Good grain: Quebec bakers grind their own flour to make better bread
Bread made from real whole grains provides more nutrients, helps bodies run more efficiently
When it comes to baking bread, it's all about the flour: where it comes from, how it's milled, how fresh it is.
That's why at least two Montreal bakeries are grinding their own grain, to make sure it's at its peak and their products are the most healthful they can be.
When Seth Gabrielse was a chef in a restaurant, the focus was always on having the best ingredients. So when he and his partner, Julien Roy, decided to open their bakery, L'Automne, in 2016, they decided that same focus should apply when it comes to baking bread.
They grind their own grain in order to get more flavour and more nutritional value. The products at L'Automne, in Montreal's Rosemont–La Petite-Patrie district, make use of organic grains brought in from farms in the province.
"When you work with flour that's already been milled, in most cases, you don't know when it's been milled. We really felt like we were losing something in the process," he said.
Their first task was getting a grist mill, a mill that uses a grinding stone. Instead of buying a ready-made one, Gabrielse and his partner decided to make their own.
With the help of a local engineer, they built it from scratch, using components from hardware stores. The red-granite stone that actually does the grinding came from a Quebec tombstone company.
Once he has the grains, Gabrielse tries to use them efficiently. He grinds them and plans to use them within about 24 hours, to make sure the nutrients are at their peak.
"The chef side of me really wanted to work with products that are as fresh as possible," he said. "You're always sourcing ingredients and you're always working to develop the best characteristics of any product."
White flour vs. whole wheat
That isn't the case with the processed flour we buy in grocery stores or from restaurant suppliers. A lot of it has been stripped of its nutrients and has extra ingredients and preservatives added to prolong shelf life.
A package of flour could be many months old by the time a home baker opens it in their kitchen.
When white flour is refined, companies remove the bran and the germ, leaving only the starchy endosperm. This makes it very white and more shelf-stable, but results in a big nutrient loss.
Gabrielse argues that taking out the germ is taking out the natural oils and a lot of important nutrients.
"That's a big part of the flour. And so for us it was important that when we say whole-grain flour, it's a real whole-grain flour, of single origin."
As for processed whole-wheat flour, Gabrielse says it's not much better. He says the wheat goes through the same process as white flour. The bran and the germ are removed, and the remaining endosperm is ground into white flour.
Then, to make it whole-wheat flour, the bran and the germ are ground separately and then added back to the white flour.

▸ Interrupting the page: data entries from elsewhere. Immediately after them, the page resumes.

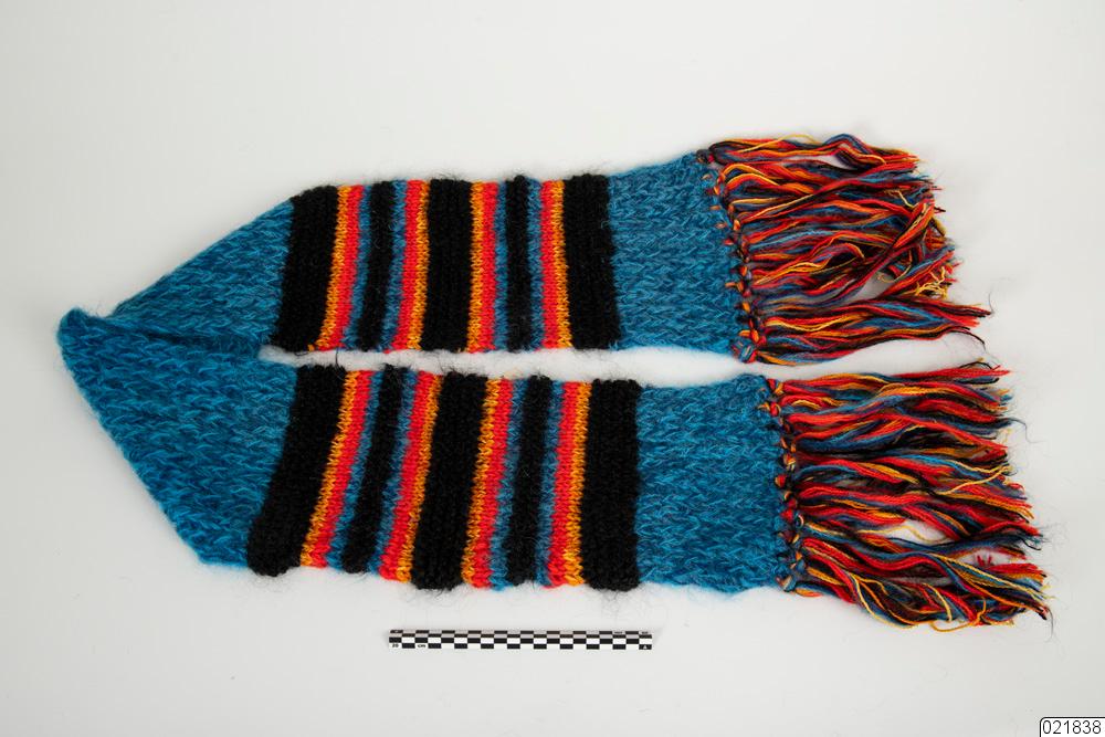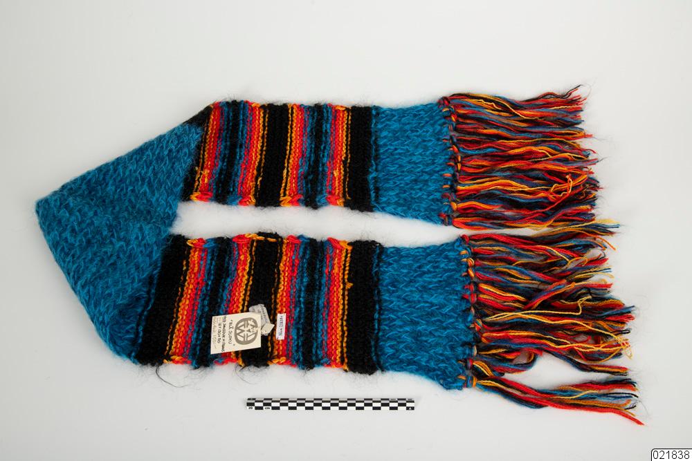 - En stickad halsduk i randigt mönster. Den är patentstickad med stora nålar. Det mesta av halsduken är i ett blåmelerat garn, ljusblått och mörkblått blandat. Mitten och ändarna av halsduken har denna färg. Däremellan är ett randigt part stickat med mindre nålar med svarta, gul-orange, röda och blå ränder. De svarta ränderna är rätstickade. I ändarna sitter en fransrad med 12 knutna tofsar i alla färger som finns i halsduken. På avigsidan sitter en tyglapp med texten "maj wennberg design kiruna sweden". Fäst med en tråd i lappen sitter en lapp i papp. Ena sidan har ett fotografi som föreställer en kvinna klädd i vinterkläder framför ett snötäckt fjäll. På andra sidan av lappen står information om halsduken "BLÅ JOJKU", "mod: HALSDUK MED FRANS", "18X120X20", "Halsduk 150:-".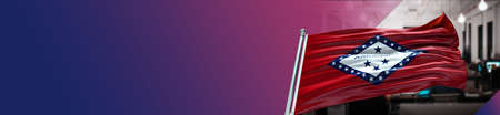 Arkansas flag waving in the wind, close up view. 3D illustration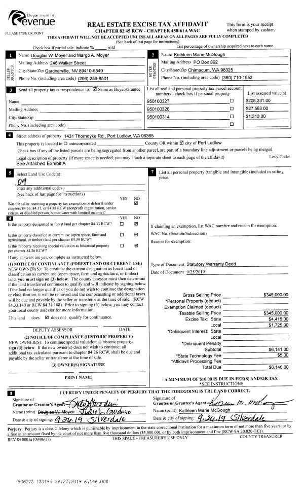 | Mailing Address: | 5981 OLD GARDINER RD PORT TOWNSEND, WA 98368-9779 | % Ownership: | 100.0000000000% |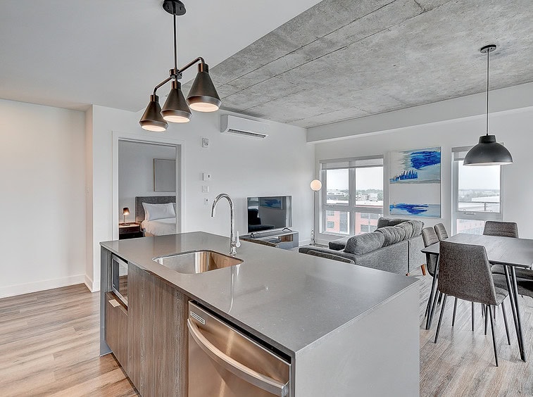Dès votre arrivée au Labelle, vous vous sentirez comme chez vous. Le confort est au rendez-vous avec des espaces de vie ouverts et une lumière naturelle abondante. Profitez de la vue sur la ville depuis votre cuisine avec îlot central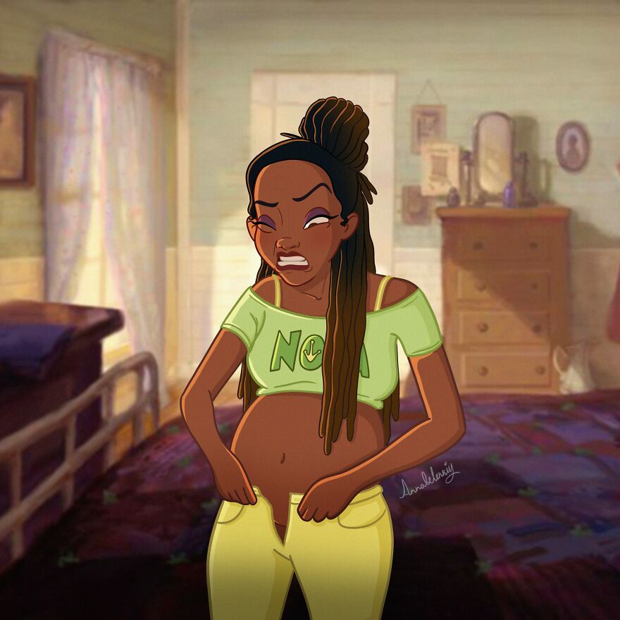 오늘 RedFriday에서 소개할 작품도 디즈니 캐릭터를 활용한 것입니다. 바로 애너벨이라는 이름으로 활동하고 있는 안나 벨렌스키(Anna Belenskiy)입니다. 안나 벨렌스키는 프리랜서 디지털 아티스트로 활동하고 있는데요. 얼마 전 생애 첫 임신을 경험했습니다. 그녀는 자신이 임신을 하며 겪었던 소소한 변화들과 일들을 팔로워들과 함께 나누기로 결심했고, 이에 임산부의 일상을 그려보았죠. 그리고 애너벨이 이용한 것은 디즈니 공주들이었습니다. 과연 디즈니 공주들이 임신을 하면 어떤 모습일지 함께 만나볼까요?
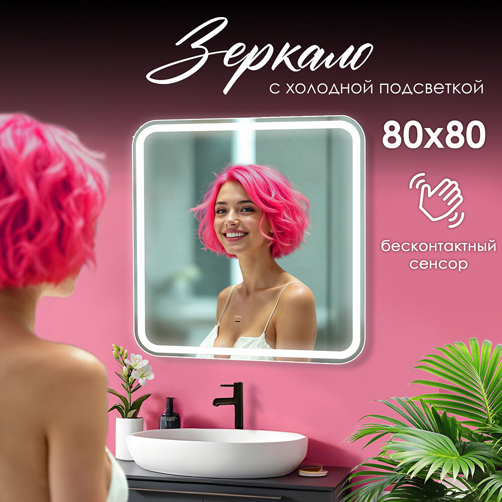 Зеркало с подсветкой квадратное 80х80 см бесконтактный сенсор Raval Gassi (GAS-8080_BS)

"It's really difficult to find a true whole-grain flour," he says. "In most cases flour is milled, it's separated and then it's reconstituted. And the bran that's put back into the flour may not necessarily be the bran that was initially with that kernel."
Our daily bread
Over in Montreal's west end, Martin Falardeau has a similar philosophy. He founded his bakery, la Meunerie Urbaine on Monkland Avenue, in 2017.
"When we decided to open a bakery, we decided that what people want today is a nutritious loaf," he said. "And nutritious means using the whole grain, with the germ inside. And that means milling the flour ourselves."

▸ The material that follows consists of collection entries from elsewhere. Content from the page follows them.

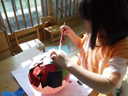 最近は、紙や新聞、ペン、はさみ、のり、テープ等を自由に使って製作に夢中!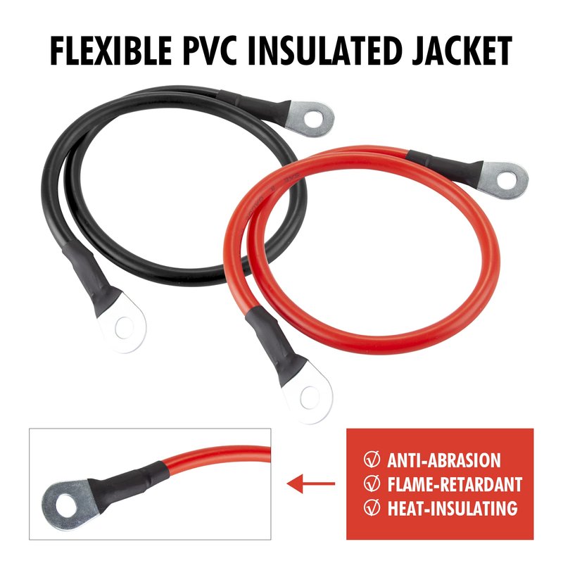- Flexible PVC insulation of battery cables resists abrasion, waterproof and moisture proof, flame retardant and heat insulation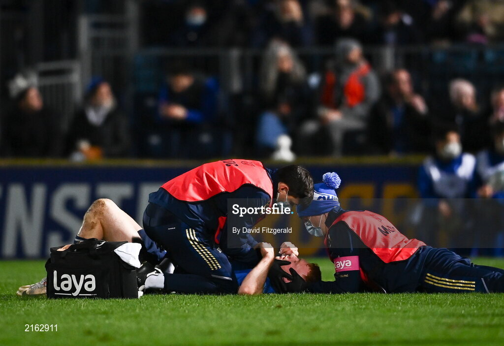 11 February 2022; Ciarán Frawley of Leinster receives treatment during the United Rugby Championship match between Leinster and Edinburgh at the RDS Arena in Dublin. Photo by David Fitzgerald/Sportsfile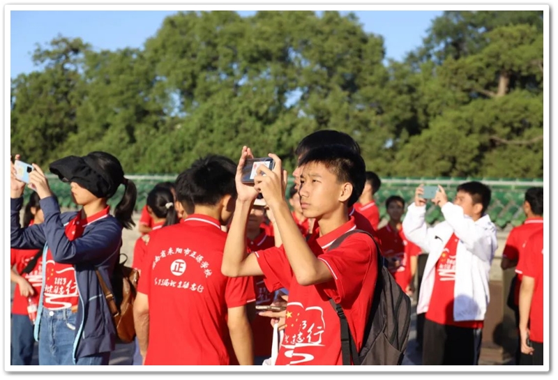 傍晚作别天坛,顾不上吃晚饭,同学们又马不停蹄登车奔赴天安门,要去触摸祖国心脏,感受时代脉搏。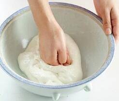 4、趁水分未干,手握成拳状,把水分揣进面团里,直至所有水分和面团融合,再次形成光滑面团。这个踹水的步骤至少重复3次,把剩余的水分都揣入面团中。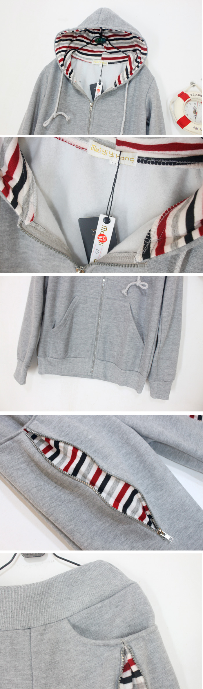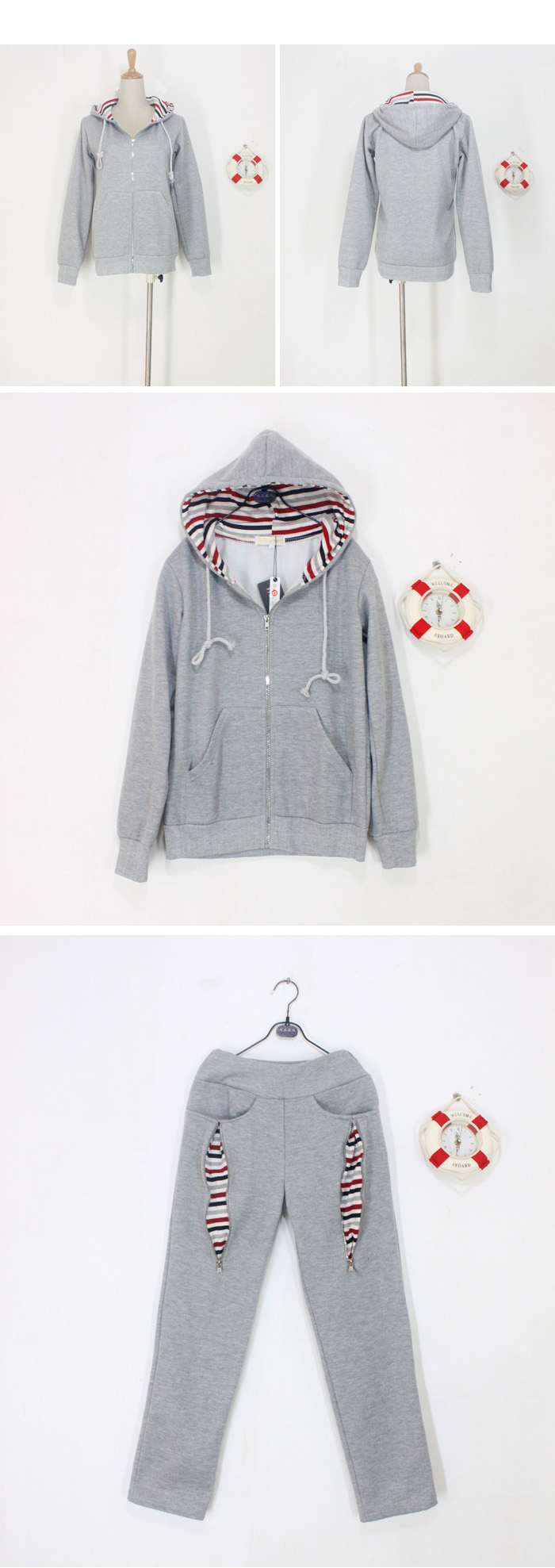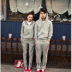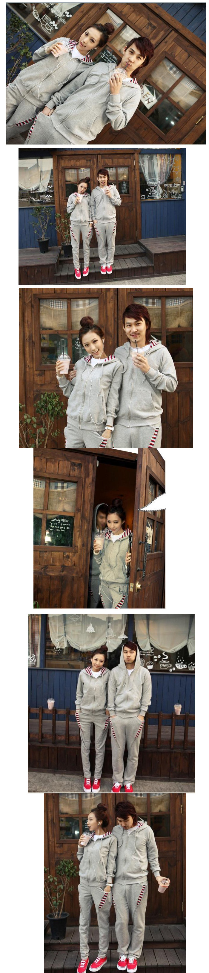 Amanda99 Leisure and Concise Zipper Stripes Grey Long Sleeves Fleeces Hood Couple Suits |

Milling flour is a daily ritual for Falardeau's bakery. The grains, obtained from farms in the Montreal area, are ground in the morning, in preparation for the next day's baking. His grist mill is a sleek, wooden version from an Austrian manufacturer.
He uses different grains: wheat, spelt, rye. His loaves are big and artisanal. Customers can order half a loaf, which is cut precisely and then wrapped in brown paper.
Because the grains are stone ground, he said, it conserves more of the plant's nutrition. But the timing is important — they try to use the flour within about three days of milling.
Like Gabrielse, Falardeau believes the freshly ground grain makes the bread, croissants and other baked goods he makes especially healthful. The flour he creates uses the entire grain. Nothing is lost in the process.
Botanist and environmentalist Diana Beresford-Kroeger says bread made from real whole grains provides more nutrients and helps our bodies run more efficiently.
"The germ part of the grain itself is packed with proteins. They're all folded up and all ready to drive the growth process in the plant," she says.
"That too is really, really good for you. Those proteins unfold, and they're highly nutritious going into the body."
In the end, Beresford-Kroeger says the better the bread, the less you want to eat.
"The whole grain made into a loaf of bread means you only need to eat one slice of bread or even half a slice."
It's a win-win situation, she says. "You're slim, you're trim, you're full of energy, and you're ready to go. There's nothing better than that kind of bread."